During 2006, there were seven meetings of Windstream’s Board, which includes two meetings of the Spinco Board prior to July 17, 2006. All of the directors attended 75% or more of the meetings of the Windstream Board of Directors and Board Committees on which they served during the periods in which they served. Directors are expected to attend each annual meeting of stockholders. None of the present directors attended the 2006 Annual Meeting of Stockholders of Valor, which occurred prior to the closing of the Alltel spin-off and Valor merger on July 17, 2006.
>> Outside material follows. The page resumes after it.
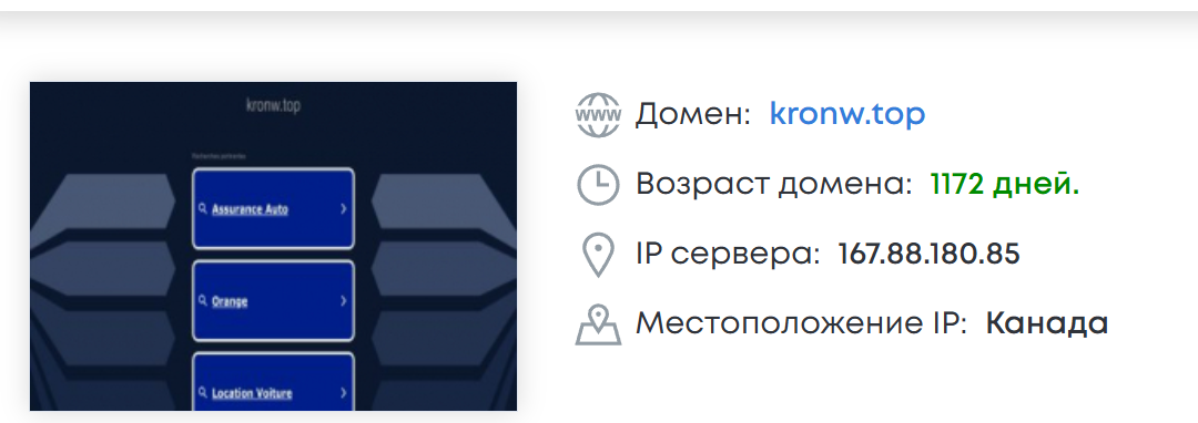 Проверка официального сайта показала, что Kronw Top работает около трех лет. Сам сервер IP находится на территории Канады. По факту домен много раз продавался и менял владельцев. Это означает, что говорить о хорошей репутации и доверии к проекту не приходится.

The Windstream Board of Directors has affirmatively determined that all of the nominees for director, except Messrs. Francis X. Frantz and Jeffery R. Gardner, have no material relationship with Windstream and are independent directors under the NYSE listing standards. In making such determinations, the Windstream Board of Directors evaluated the following relationships involving Mr. Beall and Mr. Foster and found that each such relationship was not material, as defined by the NYSE listing standards, because it would not interfere with such individual’s exercise of independent judgment:

 

   

Mr. Beall is Chairman and CEO of Ruby Tuesday, Inc. Ruby Tuesday makes payments to regulated subsidiaries of Windstream for communications services in various restaurants nationwide pursuant to ordinary course customer relationships. In 2006, the payments were approximately $89,000 and were significantly less than 2% of each of Ruby Tuesday’s and Windstream’s consolidated revenues.

 

   

Mr. Beall is a director of SSC Services Solutions, and Mr. Beall and his family members own stock in the company in an amount that is less than five percent of SSC’s capital stock. SSC Services Solutions provides janitorial services to Windstream pursuant to an ordinary course relationship that existed prior to Mr. Beall having any affiliation with Windstream. Neither Mr. Beall nor any of his family members is an executive officer or employee of SSC Services Solutions. In 2005 and 2006, Windstream incurred approximately $547,000 and $557,000, respectively, in charges to SSC Services Solutions.

 

   

Mr. Foster is a director of the Humane Society of Lexington, Kentucky. In 2004, Alltel made a pledge to the Humane Society in the amount of $150,000 over three years. In 2006, Windstream completed this pledge with a final payment of $100,000. Lexington, Kentucky is the largest metropolitan market in which a Windstream subsidiary serves as an incumbent local exchange carrier, and the donations to the Humane Society are consistent with Windstream’s policy of making charitable contributions to local organizations in its markets.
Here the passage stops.